Fatih Altaylı geçen gün bir yazı kaleme almış, "Bu Hayalim Çok mu Zor" adında...

Ben de kendisine yorum olarak; " Hayaliniz bir çocuk için mantıklı ama şimdi için tuhaf. Kökende zaten dostlar; düşmanı oynuyorlar. Zaten herkes bir şeyler oynamıyor mu?" yazmıştım.

Cevaben de bu yazıyı yazıyorum.

Evet hayaliniz, aslında çok yabancı bir kavram değil. Dünya barışını haykırıyorsunuz.

Ülkemizdeki sahne aktörlerinin, aralarında iyi bir dostluk olsaydı, geçmiş kaoslar yaşanmazdı diyorsunuz.

John Lennon sevdiğiniz belli.

Ki ben de severim.

Bu hayal aslında son derece uygulanabilir olmasına rağmen, "olayları hep olduğundan farklı manüple eden, manüplasyon kesmezse dikte eden, dikte de kesmezse doğrudan yok edenler" sayesinde, kolaylığı oranında da uzak...

Benim de bir hayalim var Sayın Altaylı.

Mesela çok yakın bir tarihe kadar, Euro diye bir şey yoktu. Bize sabit üstünlüğü olan birinci olarak Sterlin ikinci olarak Dolar'dı.

Mental olarak zaten sabit bir birlik anlayışı var ortada.

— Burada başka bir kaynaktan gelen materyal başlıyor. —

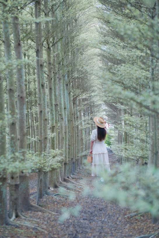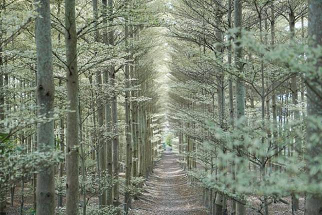 位於彰化田尾的「彩色小葉欖仁樹田」,是近年竄升為IG熱門打卡景點的私人園地,園內整齊種滿高聳的彩色小葉欖仁樹,目前葉片呈現銀綠色,場景隨著光線變化,呈現著不同的樣貌,陽光自然落在葉片上時會散發出銀白光澤,走進森林就像在拍偶像劇一樣浪漫,漫步在靜謐的林道中,時間彷彿瞬間停滯。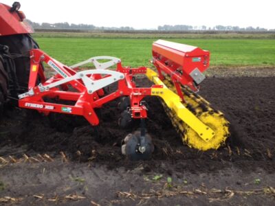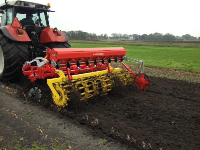 In het najaar is de machine voorzien van een zaaibak.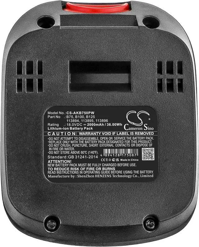 • Battery Specifications:Capacity: 2000mAh, WH: 36.0Wh, Type: Li-ion, Voltage: 18.0V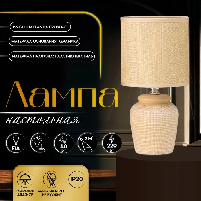 Настольная лампа с подсветкой "Рунди" Е27 40Вт золото RISALUX — Характеристики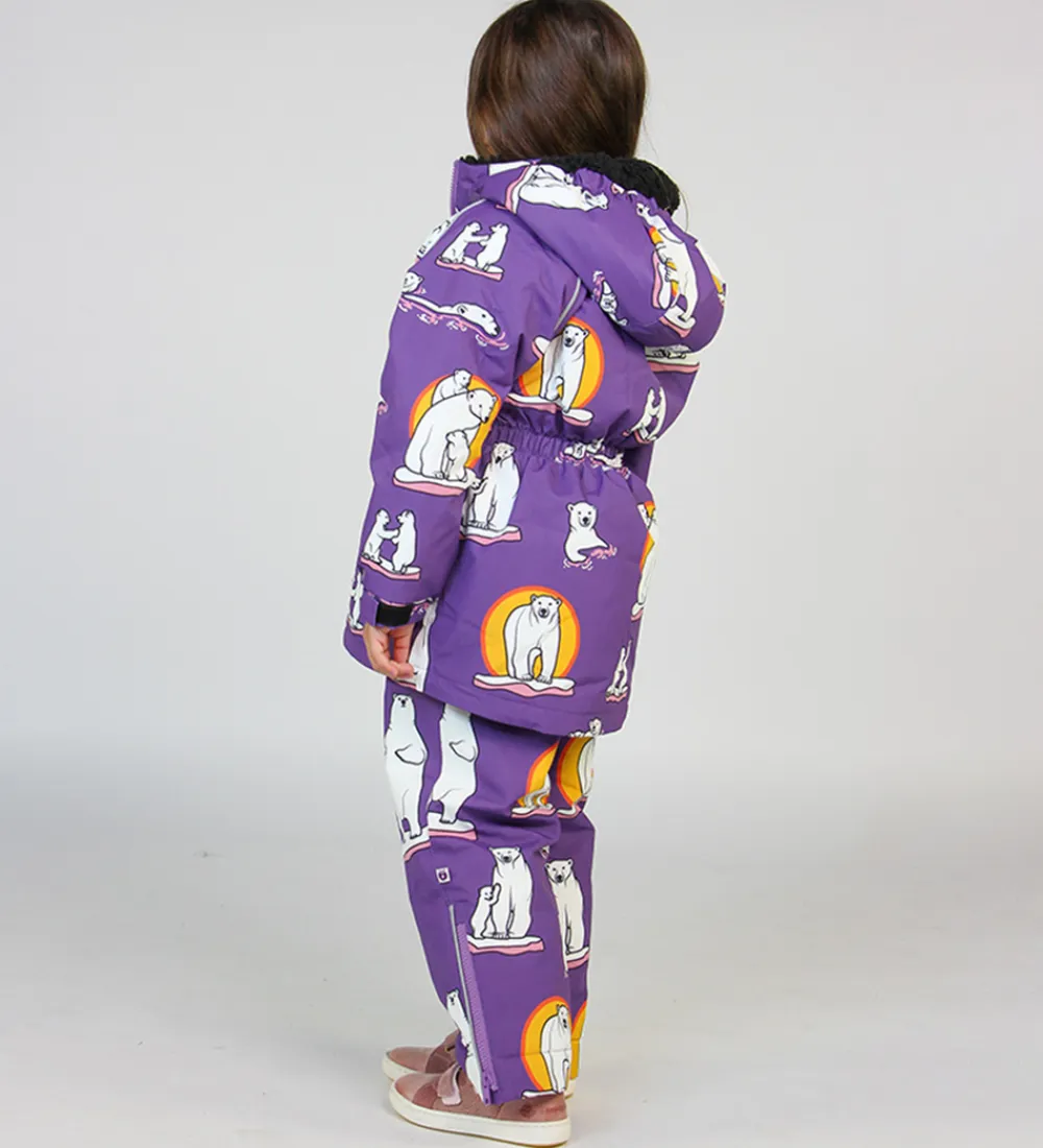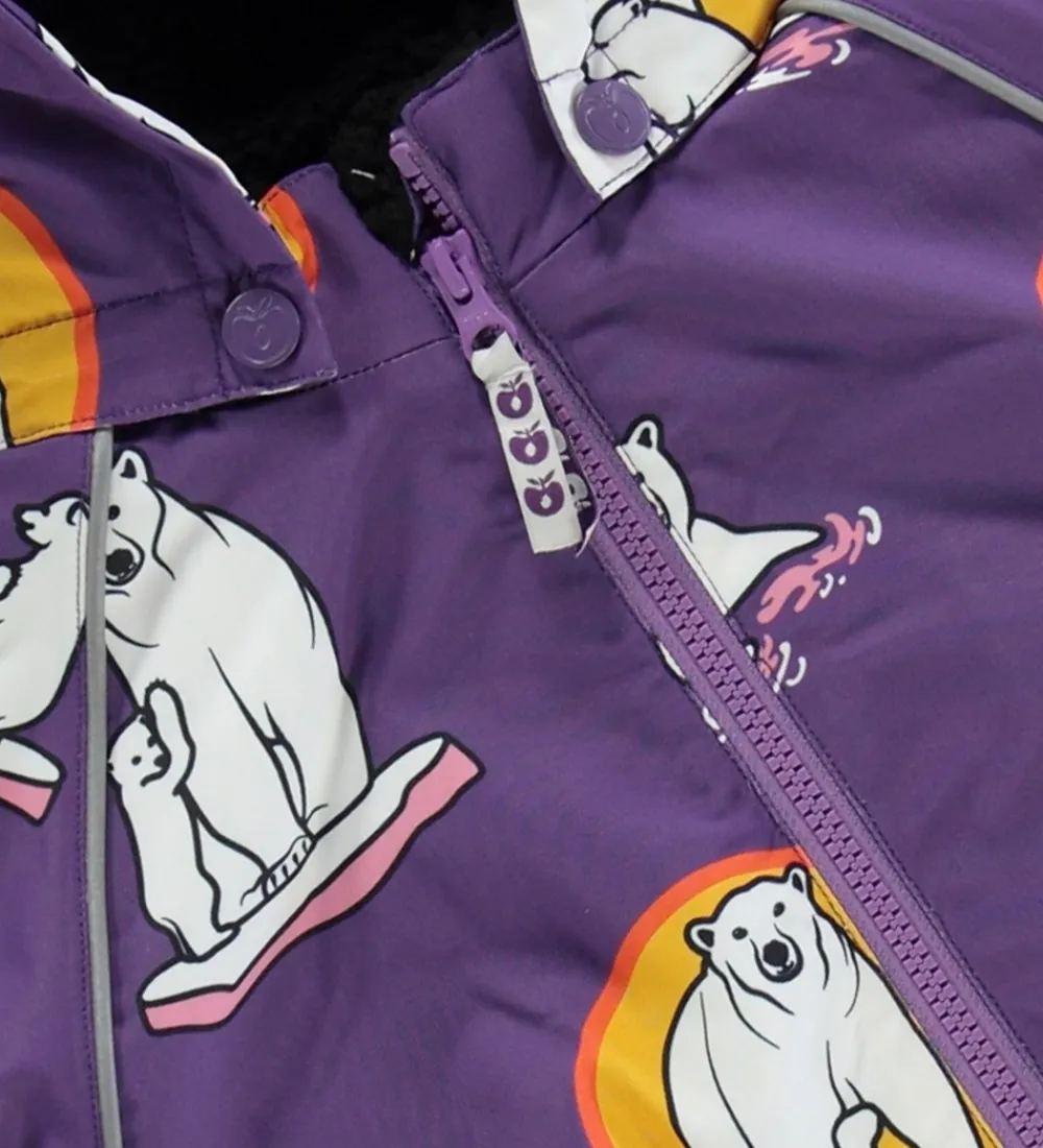 Skøn Småfolk vinterjakke i lilla med et alloverprint af søde isbjørne.
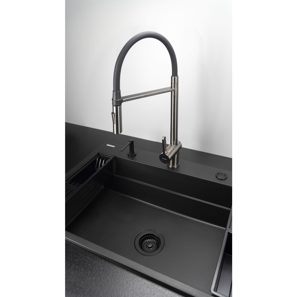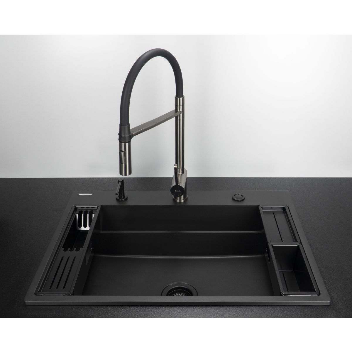 Granitový dřez Magnetic v barvě Nero o délce 760 mm je elegantní nabídkou pro ty, kteří oceňují inovativní řešení. Dřez se vyznačuje jedinečnými magnetickými vlastnostmi, které umožňují instalaci praktických doplňků bez dodatečného upevnění. Kovové koše se připevňují na boční poličku pomocí magnetu. Ty jsou ideální pro ukládání kuchyňského náčiní. Dřez je podomítkový a granit s antiseptickými a hydrofobními vlastnostmi zajišťuje hygienu a dlouhou životnost.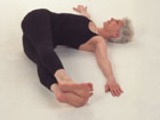 3. Сделать в этом положении несколько дыхательных циклов, затем прямые ноги медленно опустить направо, при этом плечи должны оставаться на полу.
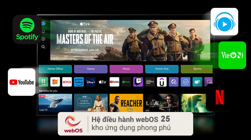 Hệ điều hành webOS 25 cùng kho ứng dụng giải trí phong phú.
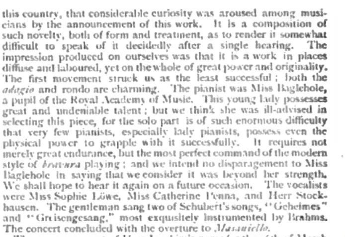 I miss my friend the late Michael Steinberg who was Artistic Advisor to both the San Francisco Symphony and Minnesota Orchestra back in the 80s/90s. He wrote the most wonderful programme notes (many published by OUP) and he was the person who got me to start talking and writing about music. The dearest of friends. Well, I was reading his wonderful note on Brahms’ First Piano Concerto this morning and he mentions that the first performance in England was on March 9, 1872 at Crystal Palace, London, and the pianist was a Miss Baglehole (no joke). I’ve found a review of the concert, an extract of which is below. It’s the usual thing: how a lady can’t play Brahms. So in celebration of International Women’s Day which is tomorrow, I’m posting this and saying that I shall play the Brahms D minor with more balls than a lot of men–believe me!!! And I see we’re performing it on Saturday on the 152nd anniversary of its first performance in England.

Azıcık tarih bilgisi olan, "Haçlı Orduları" kavramını hatırlar...

Şimdiki "birlik" sadece ve sadece sömürge ülkeler üzerinde daha yüksek ve kazançlı bir kontrol sağlayabilmek, en başta Türkiye'ye "müttefik" Almanya'nın Mark'ını minimum 2 katına arttırmak maksatlı start aldı ve acımasızca devam ediyor.

Durumu tamamen tersten ele aldığımızda, bize nasıl davranırlardı sizce?...

Geleyim hayalime, büyük oranda bir Asya ülkesi olarak, bir Asya birliği kurulmasını hayal ediyorum.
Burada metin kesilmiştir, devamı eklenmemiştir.